Santé mentale
Annie Guglia et la santé mentale : En équilibre sur la planche et dans la tête
Comment le skate et la santé mentale vont main dans la main
Annie Guglia, skateboardeuse pro, ambassadrice de la fondation Jeunes en tête, et humaine en pleine découverte d’elle-même, a appris à gérer son anxiété comme on apprend à rouler sur une rampe : en tombant, en se relevant, et en trouvant son équilibre.
« Pendant 26 ans, j’ai juste mis ça en dessous du tapis », confie-t-elle en parlant de son anxiété. Mais vient un moment où le tapis est trop bosselé pour continuer d’ignorer ce qui s’y cache. C’est vers 26-27 ans qu’Annie a mis un mot sur ce qu’elle ressentait depuis toujours, un truc dont on parlait à peine il y a 20 ans : la santé mentale.

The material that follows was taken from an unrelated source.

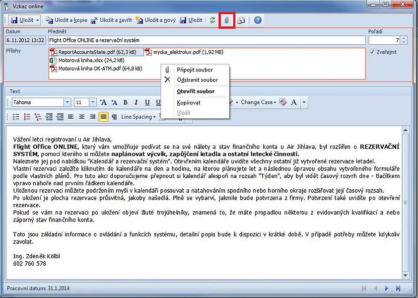 jsou zprávy ve formátu podobném e-mailu, které lze vytvářet ve Flight Office, rozesílat mailem osobám evidovaným v programu a přenášet je na ONLINE na jakousi nástěnku, kde jsou zveřejněny pod nabídkou "Informace provozovatele".

L’équilibre, sur la planche comme dans la tête
Pour Annie, tout est une question d’équilibre. Le skate, la vie, les émotions. Être heureux, c’est bien, mais pour l’apprécier, il faut parfois traverser des moments plus sombres. L’important, c’est d’accepter ce mouvement constant, ces hauts et ces bas qui nous rendent humains.

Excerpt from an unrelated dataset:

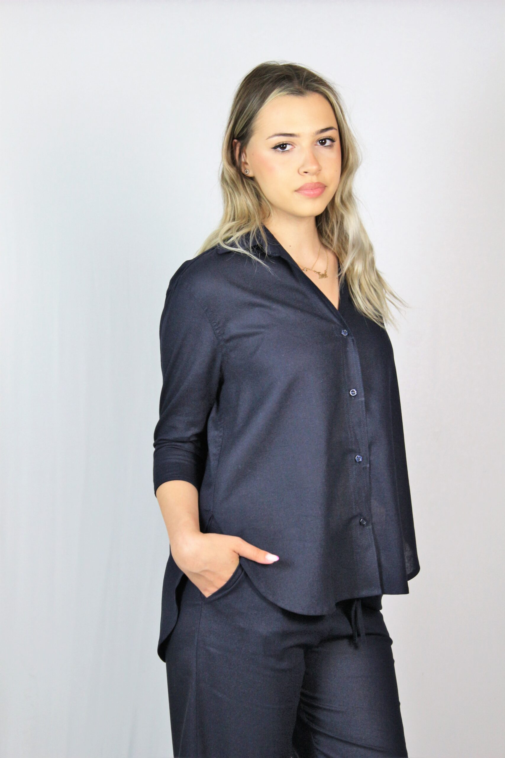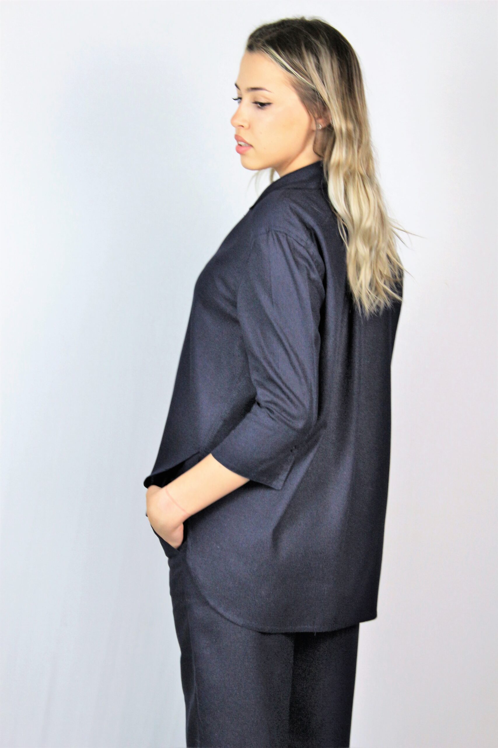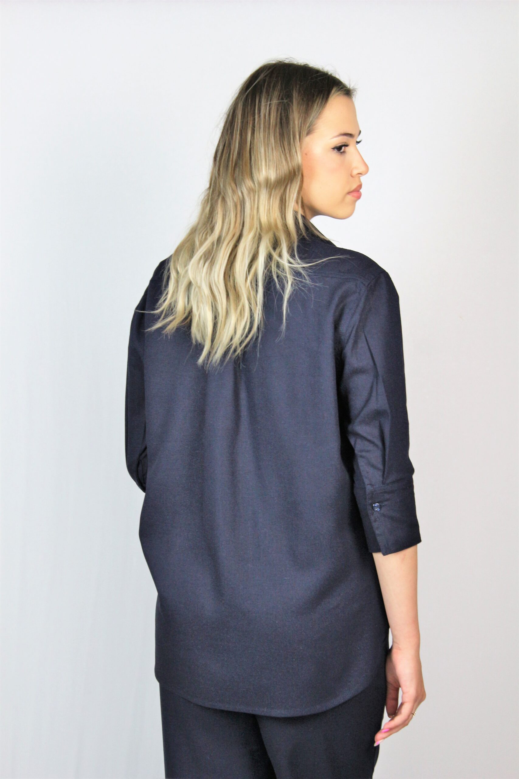 Свободна риза с три-четвърт ръкав с маншет, асиметрична дължина и плоха на гърба .

Le skate, ce n’est pas juste une passion, c’est un fil rouge qui relie toutes les parties de sa vie. « Ça m’aide à passer à travers la vie, peu importe si c’est facile ou difficile », explique-t-elle. Pour quelqu’un d’autre, ça pourrait être le hockey, la musique ou la poterie, mais pour Annie, c’est la planche à roulettes qui lui permet d’avancer.
D’échec en victoire
Aller aux Olympiques, c’était son grand rêve, son plus gros défi. Elle a suivi tout le processus de qualification, s’est entraînée sans relâche, mais lors de la dernière compétition, ça ne s’est pas passé comme prévu. « Ayoye, là, c’est un échec », se souvient-elle en riant, preuve qu’avec du recul, même les plus gros coups durs finissent par faire partie du parcours.

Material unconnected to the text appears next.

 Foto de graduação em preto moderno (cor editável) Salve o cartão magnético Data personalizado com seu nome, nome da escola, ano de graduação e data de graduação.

De retour à Montréal, elle se retrouve dans un skatepark face à un père et ses deux filles :
— « C’est quand que tu pars pour les Olympiques? »
— « Ah, j’y vais plus… »
— « Ben, si ça peut être une consolation, mes filles ont commencé à skater parce qu’elles t’ont vue à la télé. »
Et c’est là qu’Annie réalise que son impact dépasse largement ses propres ambitions. Peut-être qu’elle n’a pas atteint son objectif ce jour-là, mais elle a inspiré une génération à monter sur une planche. Des jeunes filles, des personnes LGBTQ+, qui se sentent plus à l’aise dans un skatepark parce qu’elles l’ont vue, elle, occuper cet espace.
« Finalement, je suis allée aux Olympiques », ajoute-t-elle avec un sourire en coin. Comme quoi, la vie trouve toujours un moyen de nous faire rouler plus loin qu’on l’aurait cru.